YOUR TASK: Exactly those lines running from the one containing "지속 가능성은 2023년의" to the end of the material are to be printed, and no others.

DATA PROVIDED:
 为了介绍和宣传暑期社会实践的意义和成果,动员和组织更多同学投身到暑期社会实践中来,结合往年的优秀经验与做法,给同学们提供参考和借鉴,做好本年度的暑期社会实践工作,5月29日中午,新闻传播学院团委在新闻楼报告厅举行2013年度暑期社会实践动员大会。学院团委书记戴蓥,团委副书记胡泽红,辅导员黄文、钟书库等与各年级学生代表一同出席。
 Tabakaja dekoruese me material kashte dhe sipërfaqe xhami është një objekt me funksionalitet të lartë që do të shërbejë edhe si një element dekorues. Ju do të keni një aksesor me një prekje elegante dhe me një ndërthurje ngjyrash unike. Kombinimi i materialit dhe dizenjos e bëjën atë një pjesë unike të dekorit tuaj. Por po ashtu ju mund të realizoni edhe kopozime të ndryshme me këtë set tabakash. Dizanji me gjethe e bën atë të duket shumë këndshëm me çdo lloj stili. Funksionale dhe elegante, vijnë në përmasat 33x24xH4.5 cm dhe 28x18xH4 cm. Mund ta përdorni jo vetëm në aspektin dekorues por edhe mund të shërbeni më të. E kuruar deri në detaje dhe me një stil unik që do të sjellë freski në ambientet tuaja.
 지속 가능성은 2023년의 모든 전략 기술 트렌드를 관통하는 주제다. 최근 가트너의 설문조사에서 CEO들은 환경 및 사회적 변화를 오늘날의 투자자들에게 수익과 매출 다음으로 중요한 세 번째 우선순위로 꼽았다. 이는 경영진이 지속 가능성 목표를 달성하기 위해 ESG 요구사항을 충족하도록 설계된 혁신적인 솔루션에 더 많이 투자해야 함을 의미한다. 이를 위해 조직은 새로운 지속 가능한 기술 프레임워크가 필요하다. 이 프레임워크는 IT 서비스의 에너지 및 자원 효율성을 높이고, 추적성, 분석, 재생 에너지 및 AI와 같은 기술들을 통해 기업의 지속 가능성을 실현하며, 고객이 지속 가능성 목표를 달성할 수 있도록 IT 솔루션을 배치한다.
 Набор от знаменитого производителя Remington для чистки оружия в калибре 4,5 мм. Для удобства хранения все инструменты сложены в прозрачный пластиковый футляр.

SOLUTION BELOW:
 지속 가능성은 2023년의 모든 전략 기술 트렌드를 관통하는 주제다. 최근 가트너의 설문조사에서 CEO들은 환경 및 사회적 변화를 오늘날의 투자자들에게 수익과 매출 다음으로 중요한 세 번째 우선순위로 꼽았다. 이는 경영진이 지속 가능성 목표를 달성하기 위해 ESG 요구사항을 충족하도록 설계된 혁신적인 솔루션에 더 많이 투자해야 함을 의미한다. 이를 위해 조직은 새로운 지속 가능한 기술 프레임워크가 필요하다. 이 프레임워크는 IT 서비스의 에너지 및 자원 효율성을 높이고, 추적성, 분석, 재생 에너지 및 AI와 같은 기술들을 통해 기업의 지속 가능성을 실현하며, 고객이 지속 가능성 목표를 달성할 수 있도록 IT 솔루션을 배치한다.
 Набор от знаменитого производителя Remington для чистки оружия в калибре 4,5 мм. Для удобства хранения все инструменты сложены в прозрачный пластиковый футляр.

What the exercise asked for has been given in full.